*** INPUT DATA Section Begins ***

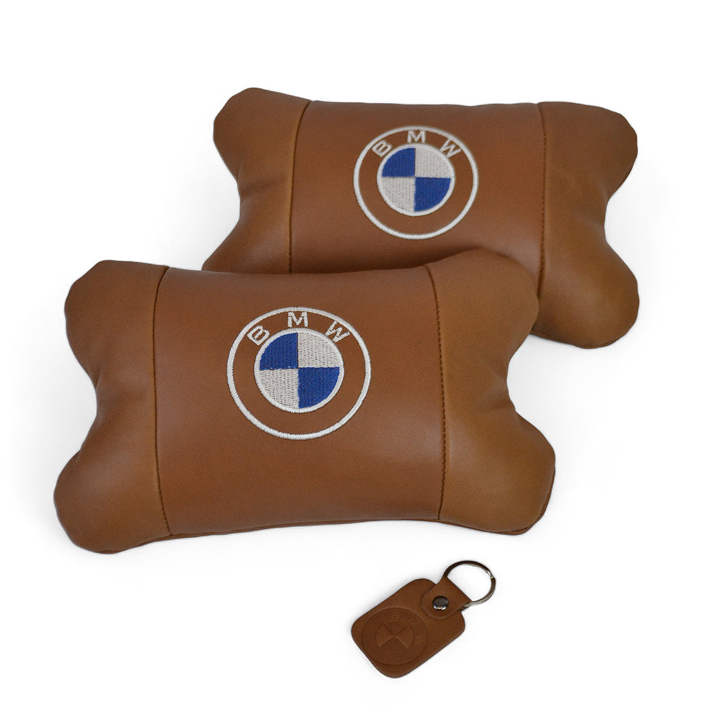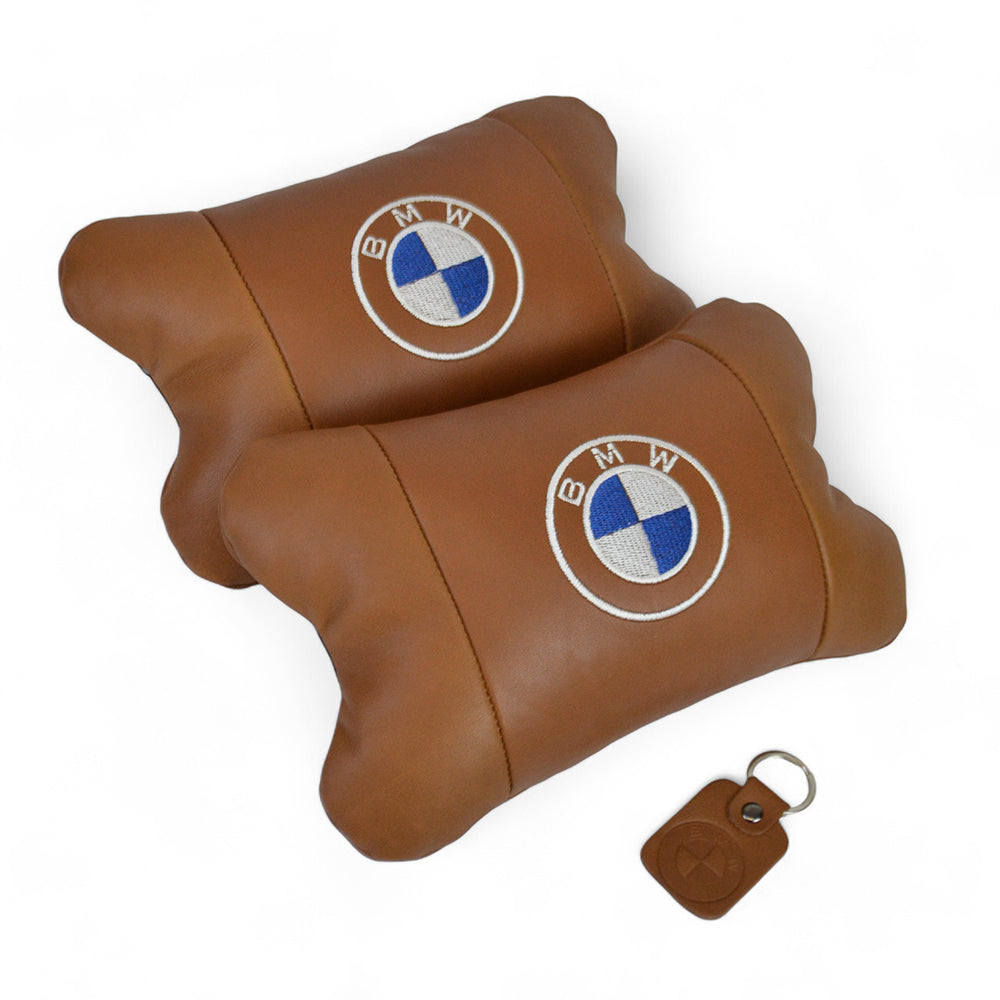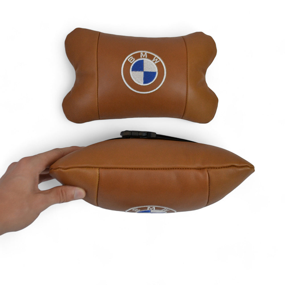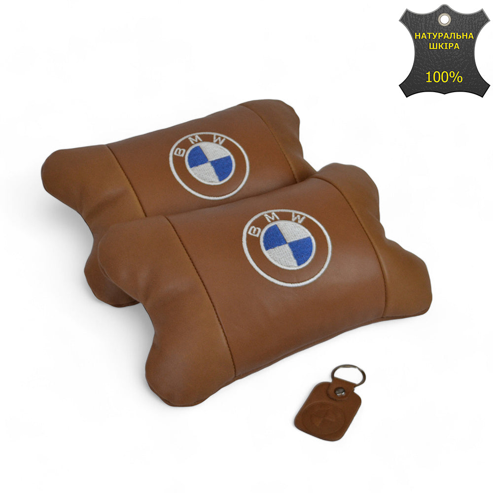 Комплект автоподушек 2шт из натуральной коричневой кожи для BMW. Ортопедическая подушка в авто БМВ
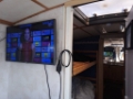 Solceller på taket som laddar samtliga batterier, gasolspis och ugn, mikrovågsugn, kaffekokare och kylskåp på 24 volt.
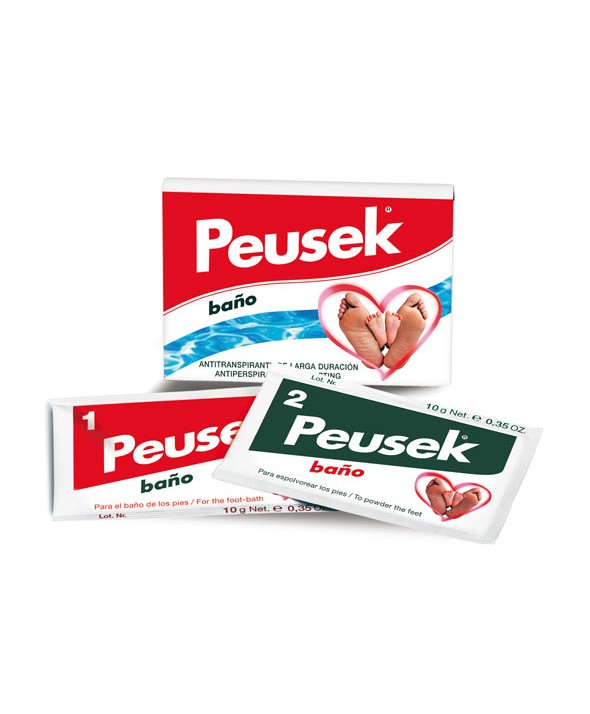 En los pies tenemos 600 glándulas sudoríparas por cm² El sudor está compuesto por casi un 99% de agua, donde hay disueltas sustancias como sales, urea o ácido láctico. Su descomposición es la causante del mal olor. El exceso de sudor procedente de las glándulas se puede regular, eliminando también el mal olor, con productos especializados: PEUSEK-baño, PEUSEK-hydro y PEUSEK-SEK sport. Tratamiento Antitranspirante INDICACIONES: Controla el exceso de sudor y mal olor causado por su descomposición. Peusek-baño, corrige la sudoración excesiva de los pies, sin impedir su normal transpiración. MODO DE EMPLEO: Pediluvio con el contenido del sobre Nº 1, seguido de espolvoreado con el sobre Nº 2. Actúa con una sola aplicación con efectos de larga duración. PRESENTACIÓN: Estuche con dos sobres de polvo 2 x 10 g. En los pies tenemos 600 glándulas sudoríparas por cm² El sudor está compuesto por casi un 99% de agua, donde hay disueltas sustancias como sales, urea o ácido láctico. Su descomposición es la causante del mal olor. El exceso de sudor procedente de las glándulas se puede regular, eliminando también el mal olor, con productos especializados: PEUSEK-baño, PEUSEK-hydro y PEUSEK-SEK sport. Tratamiento Antitranspirante INDICACIONES: Controla el exceso de sudor y mal olor causado por su descomposición. Peusek-baño, corrige la sudoración excesiva de los pies, sin impedir su normal transpiración. MODO DE EMPLEO: Pediluvio con el contenido del sobre Nº 1, seguido de espolvoreado con el sobre Nº 2. Actúa con una sola aplicación con efectos de larga duración. PRESENTACIÓN: Estuche con dos sobres de polvo 2 x 10 g.
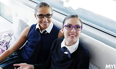 erregende brünetten sind ziemlich gesegnet, ihre glatt rasierten fetzen aufzudecken
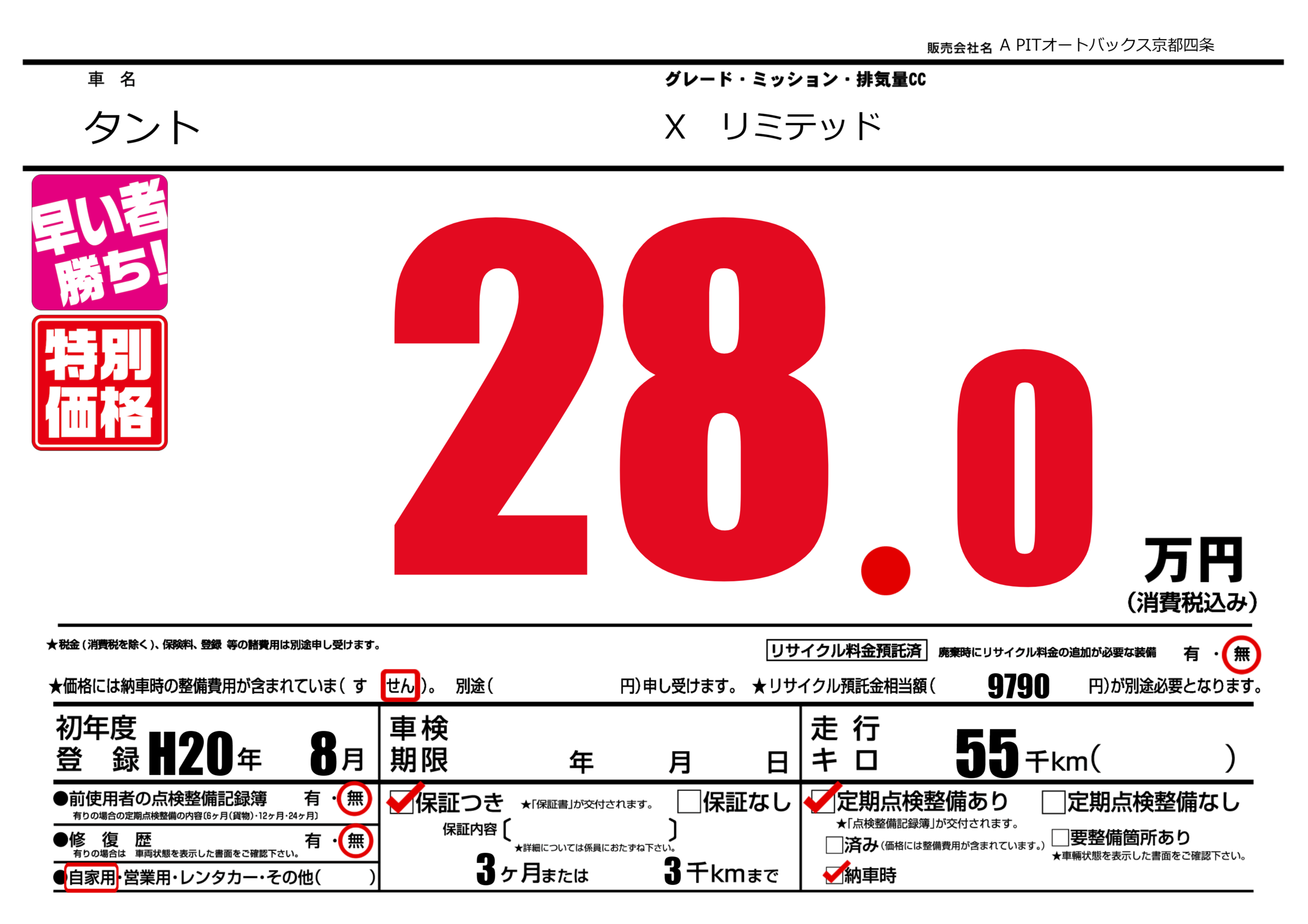 保証なし 保証内容(---) 3ヶ月または(3)千kmまで |
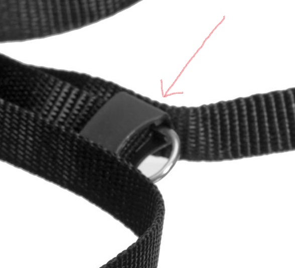 La parte tonda va nell'occhiello della fotocamera e la parte aperta contiene la cinghia.
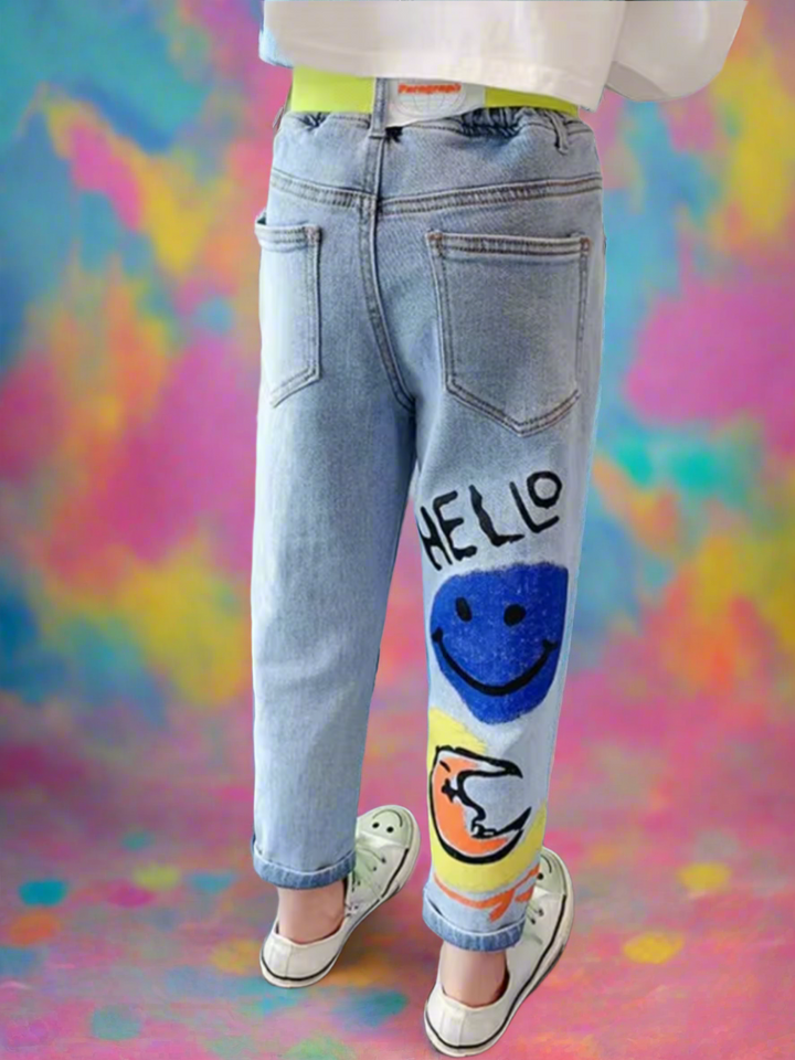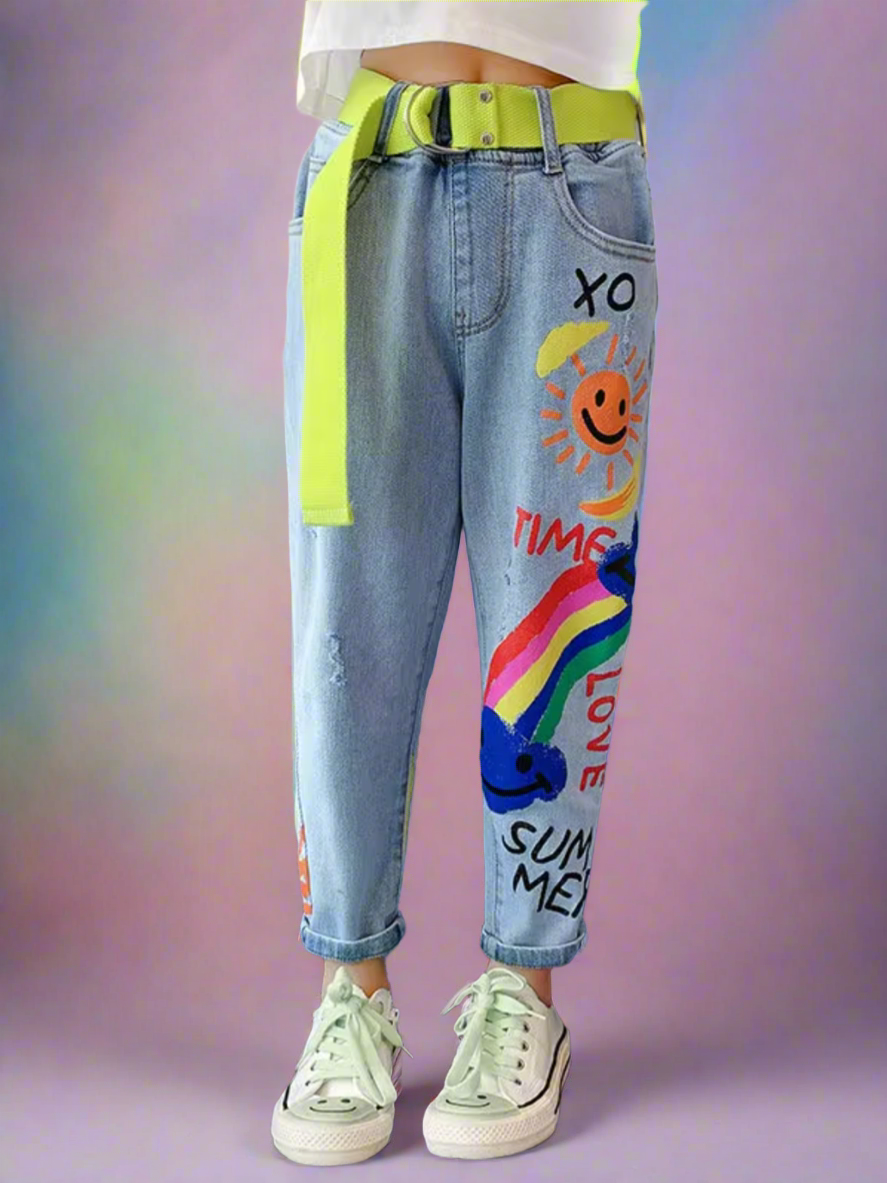 Girls Trendy Graffiti Smiley Rainbow Jeans
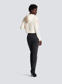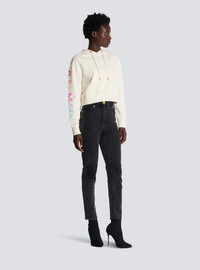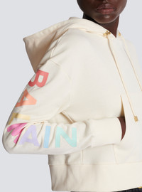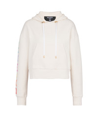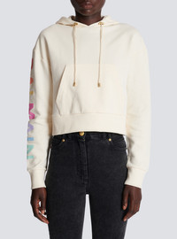 Cotton printed Balmain logo sweatshirt - Long sleeves - Drawstring hood - Ribbed cuffs and hem - Relaxed fit - This item fits true to size (select your usual size) - The model is wearing a size S - The model's height is 177 cm - Material: 95% cotton, 5% elastane - Made in Portugal - Item: YF0JP010BB80

*** INPUT DATA Section Ends ***

• _WORK ITEM_
The lines to retype begin with the one containing "La parte tonda" and end with the last line of the records. Reproduce them exactly and omit the pictures.

• _SOLUTION FOR THIS EXERCISE_
 La parte tonda va nell'occhiello della fotocamera e la parte aperta contiene la cinghia.
 Girls Trendy Graffiti Smiley Rainbow Jeans
 Cotton printed Balmain logo sweatshirt - Long sleeves - Drawstring hood - Ribbed cuffs and hem - Relaxed fit - This item fits true to size (select your usual size) - The model is wearing a size S - The model's height is 177 cm - Material: 95% cotton, 5% elastane - Made in Portugal - Item: YF0JP010BB80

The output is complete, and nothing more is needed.